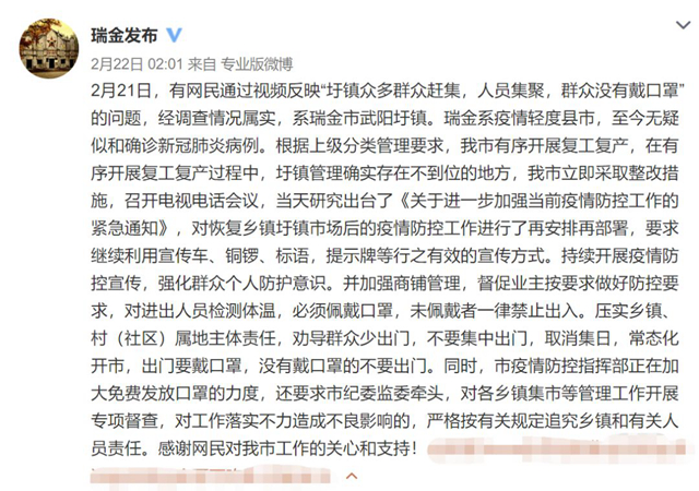視頻中標示著2月21日,集市上人頭攢動、蔚為壯觀,這里面但凡有一個感染者,后果簡直不堪設想。對此,當地政府連夜回應,宣布將立即采取整改措施。
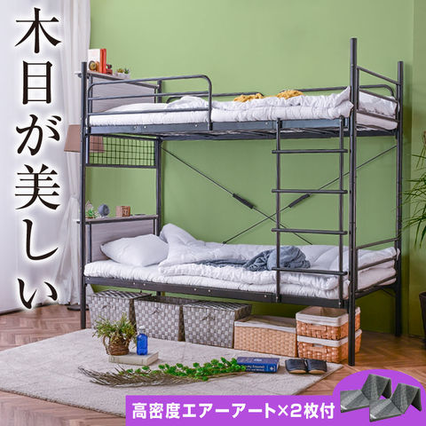 強度アップ 2段ベッド 二段ベッド ベッド パイプベッド 宮 宮棚 LED ライト 照明 コンセント 分割 分離 はしご 木目 パイプ 頑丈 シングル 宮付き ムーンLIGHT / グレー / (高密度エアアート2枚付) -ART
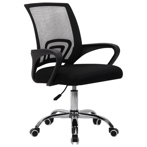 Кресло CROMEX (КРОМЕКС) "Top CH-695", ХРОМ, с подлокотниками, сетка/ткань TW, черное, 533066
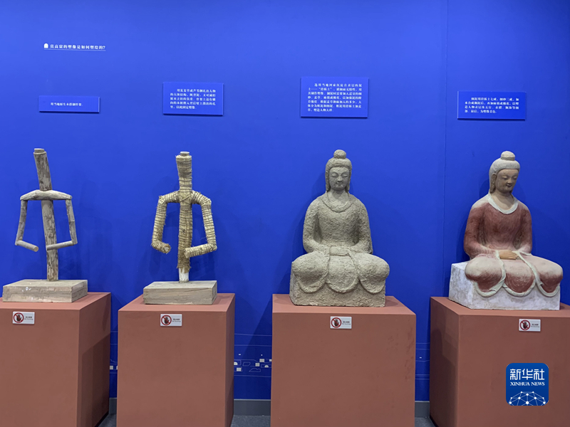 這是敦煌石窟藝術(shù)展展示的彩塑制作步驟。新華社記者 張玉潔 攝
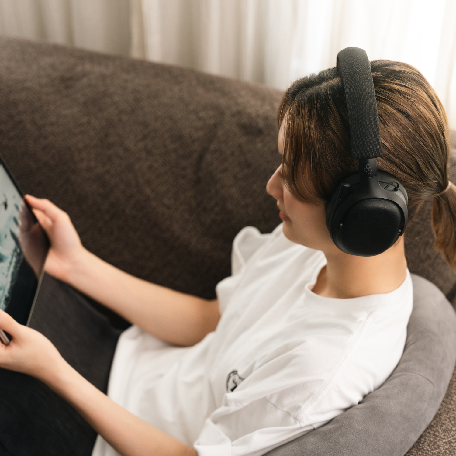 • 頭帶與耳墊採高通氣網布設計,減輕側壓力,長時間佩戴也舒適穩定
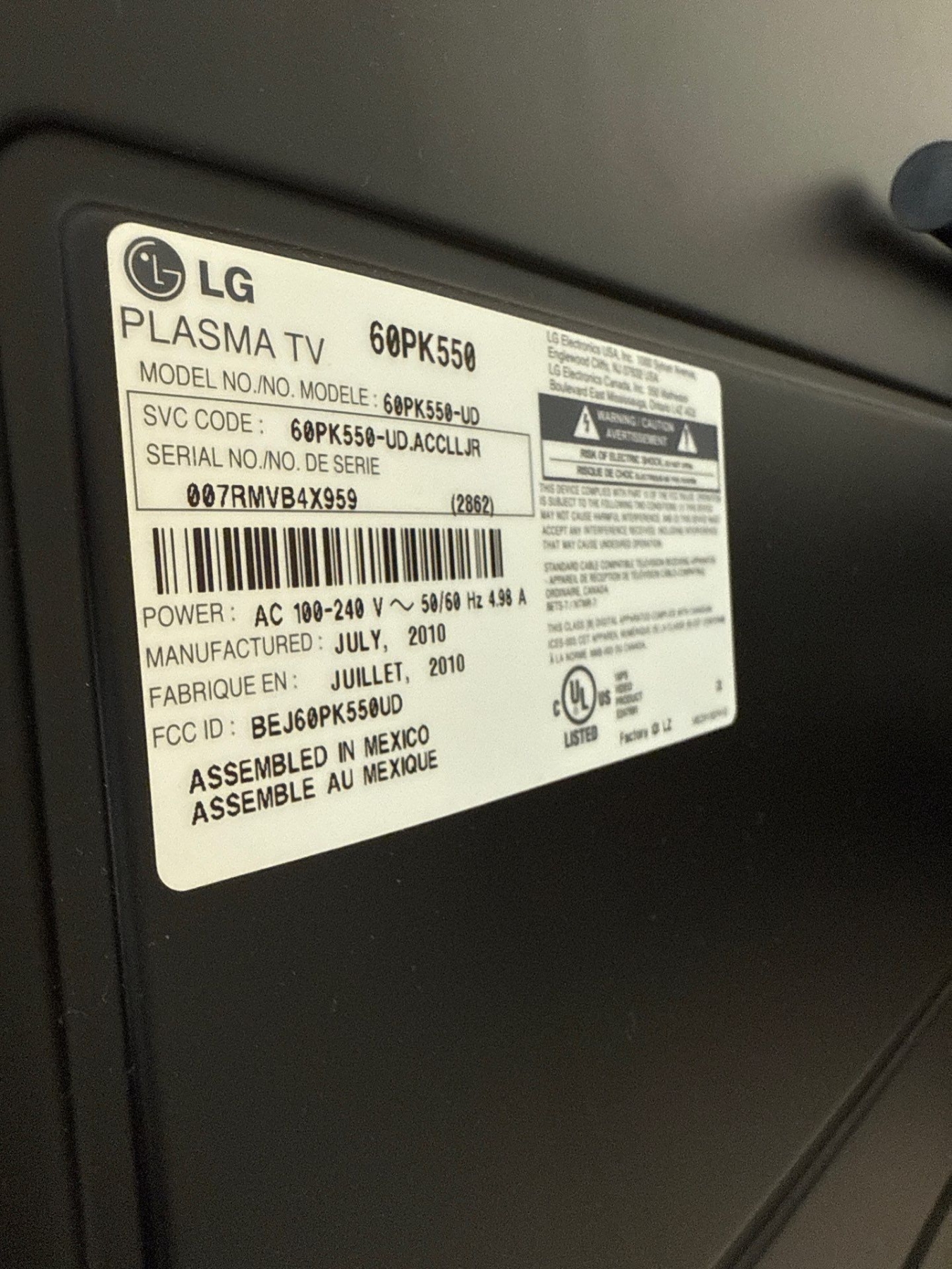 Large LG Plasma Television Model No. 60PK550-UD, 54In Wide

----

> _Task description_
Please print every record exactly as written, without the pictures.

> _Output of the exercise_
視頻中標示著2月21日,集市上人頭攢動、蔚為壯觀,這里面但凡有一個感染者,后果簡直不堪設想。對此,當地政府連夜回應,宣布將立即采取整改措施。
 強度アップ 2段ベッド 二段ベッド ベッド パイプベッド 宮 宮棚 LED ライト 照明 コンセント 分割 分離 はしご 木目 パイプ 頑丈 シングル 宮付き ムーンLIGHT / グレー / (高密度エアアート2枚付) -ART
 Кресло CROMEX (КРОМЕКС) "Top CH-695", ХРОМ, с подлокотниками, сетка/ткань TW, черное, 533066
 這是敦煌石窟藝術(shù)展展示的彩塑制作步驟。新華社記者 張玉潔 攝
 • 頭帶與耳墊採高通氣網布設計,減輕側壓力,長時間佩戴也舒適穩定
 Large LG Plasma Television Model No. 60PK550-UD, 54In Wide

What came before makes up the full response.